Archive for February, 2007

its really tiring

Tuesday, February 27th, 2007

im trying to do sumting good here tapi byk sangat suara2 yang tak menggalakkan plus x ramai yg bagi commitment..im kinda tired running here and there..my money wasted ..my energy…im trying to make things work here..please support n mind ur own business..sumtimes u really need to be cruel to be kind~

at least sumting good happen

Friday, February 9th, 2007

of all the incident that happened today..it made me feel a bit confused n sad..but some how i got a call from my abg at 2.12 am saying dat kak mai dah beranak..therefore theres a new baby girl in the family..im so happy

Friday, February 9th, 2007

That’s the Way It Is by* Celine Dion

I can read your mind
And I know your story
I see what you’re going through (yeah)
It’s an uphill climb
And I’m feeling sorry
But I know it will come to you
Don’t surrender
‘Cause you can win
In this thing called love
When you want it the most
There’s no easy way out
When you’re ready to go
And your heart’s left in doubt
Don’t give up on your faith
Love comes to those who believe it
And that’s the way it is
When you question me
For a simple answer
I don’t know what to say (no)
But it’s plain to see
If you stick together
You’re gonna find the way
So don’t surrender
‘Cause you can win
In this thing called love
When you want it the most
There’s no easy way out
When you’re ready to go
And your heart’s left in doubt
Don’t give up on your faith
Love comes to those who believe it
And that’s the way it is
When life is empty
With no tomorrow
And loneliness starts to call
Baby don’t worry
Forget your sorrow
‘Cause love’s gonna conquer it all
When you want it the most
There’s no easy way out
When you’re ready to go
And your heart’s left in doubt
Don’t give up on your faith
Love comes to those who believe it
And that’s the way it is
When you want it the most
There’s no easy way out
When you’re ready to go
And your heart’s left in doubt
Don’t give up on your faith
Love comes to those who believe it
And that’s the way it is

i hate myself

Friday, February 9th, 2007

how do u choose the right path that was actually meant for u..u dont,right?what if u already know the outcome but u pretend that u dont know?and what if u know that the things that u did was totally wrong but you keep on repeating the same mistake again?what if u already know that the person is not meant for you, but you keep on hoping that he will eventually will be.why do u?whats holding you back?why does these feeling and questions keep on bugging me?it hurts to know and admit to the truth, but why do i deny.i should face it..but im too scared..im scared of rejection..im scared at almost everything that happens around me.why do i feel so insecure?..is that what life is all about?
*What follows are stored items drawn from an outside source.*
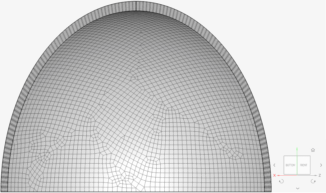 Find below the mesh used for both cases. It’s a standard mesh with second order hexahedral-dominant elements.
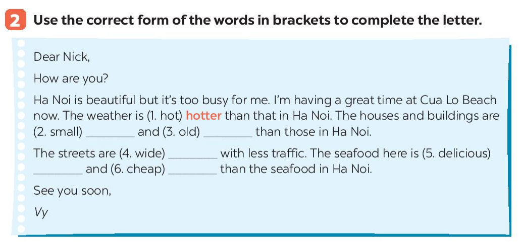 Ha Noi is beautiful but it's too busy for me. I'm having a great time at Cua Lo Beach now. The weather is (1. hot) hotter than that in Ha Noi. The houses and buildings are smaller and older than those in Ha Noi The streets are wider with less traffic. The seafood here is more delicious and cheaper than the seafood in Ha Noi.
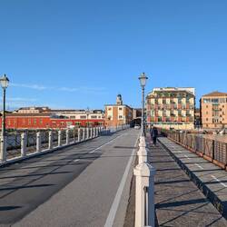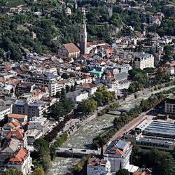 Nach dem heftigen Regen gestern scheint heute trotz der anderslautenden Vorhersage wieder die Sonne. Wir gehen an der Etsch entlang Richtung Zentrum, an der aus dem 19. Jahrhundert stammendenBaca lagi
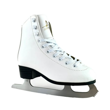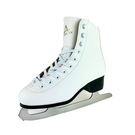 American Athletic Girls' Tricot-Lined Ice Skate is a best selling entry level figure skate. The tricot-lined figure skate is comfortable, fits well and has an easy-care durable PVC boot. The skate features multi-layered ankle support, hollow ground, nickel-plated steel blade, full quarter padding for comfort and a form-fitting padded tongue. A great entry level, pond or rink skate.
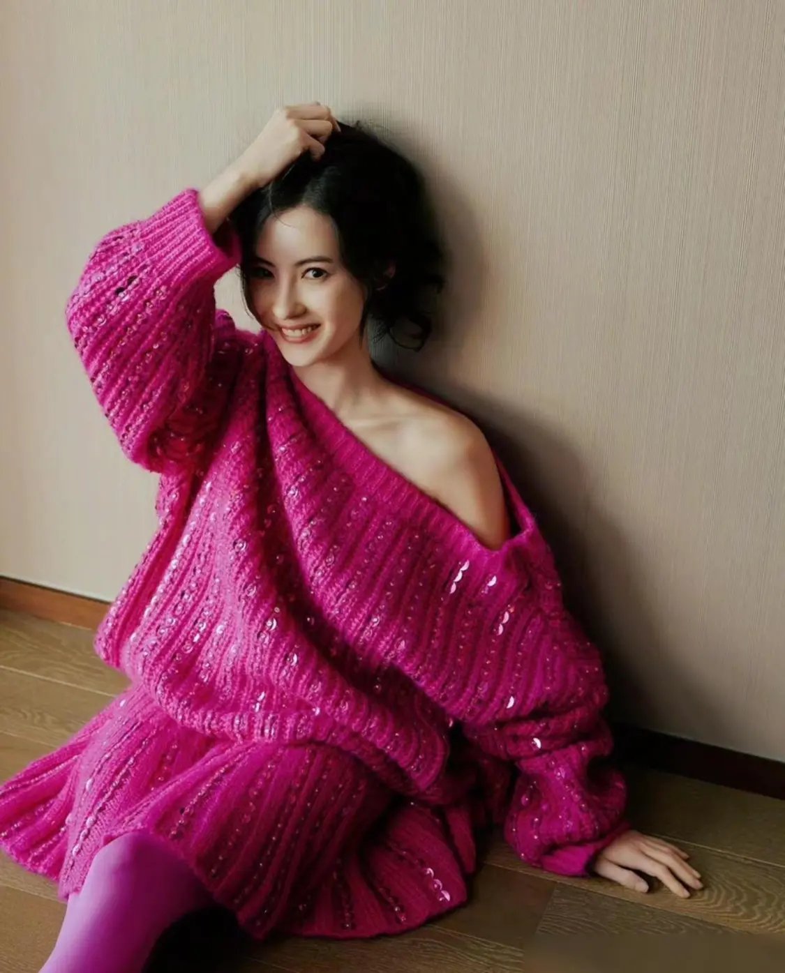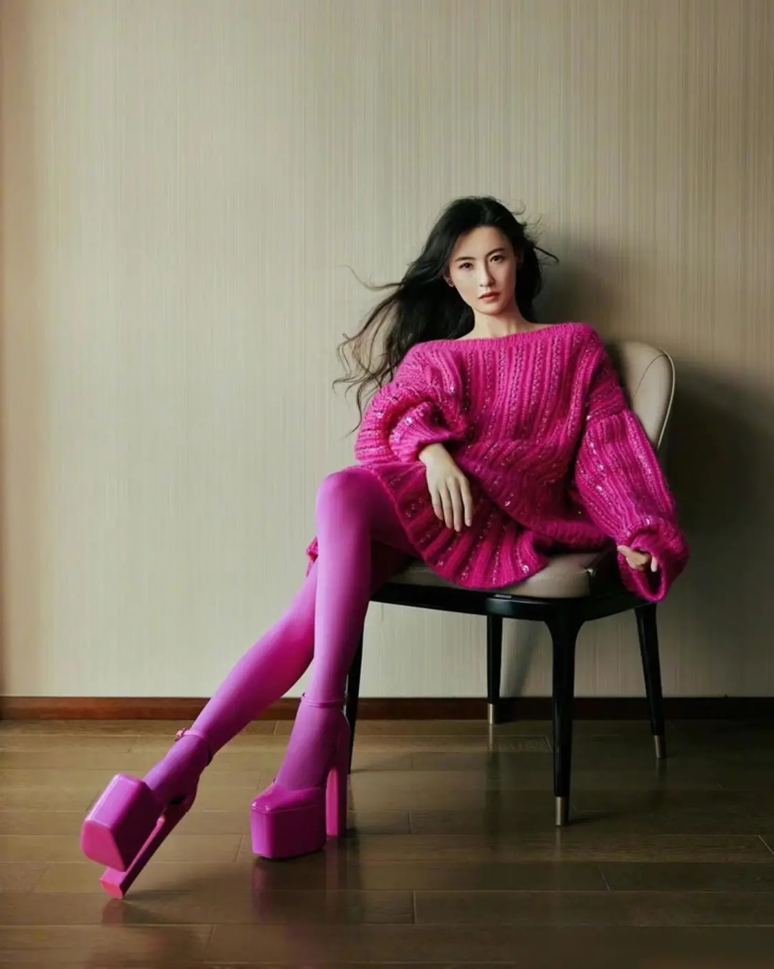果然明星就是明星,即使是芭比粉都能穿得比其他颜色好看很多!

to deny things that happens around me..is not an option..im just trying to protect myself..against whatever that makes me feel sad and insecure..how can i live without that someone but at the same time i cant live with him?its weird right..its kinda lame..but this is the truth about what im feeling right now..screw me..being there at that moment brings out the old sad memories which i should have thrown it away ages ago..i just cant help it.. it keeps coming back…it makes me feel sad just being there..cluless and not knowing what to do..and that is soo not me, lately…unclear about the whole situation..im caught up it this mess..i really have to get things straighten up..i need to break free..

actually come to think of it..how could i lost something that i never had..dowh!!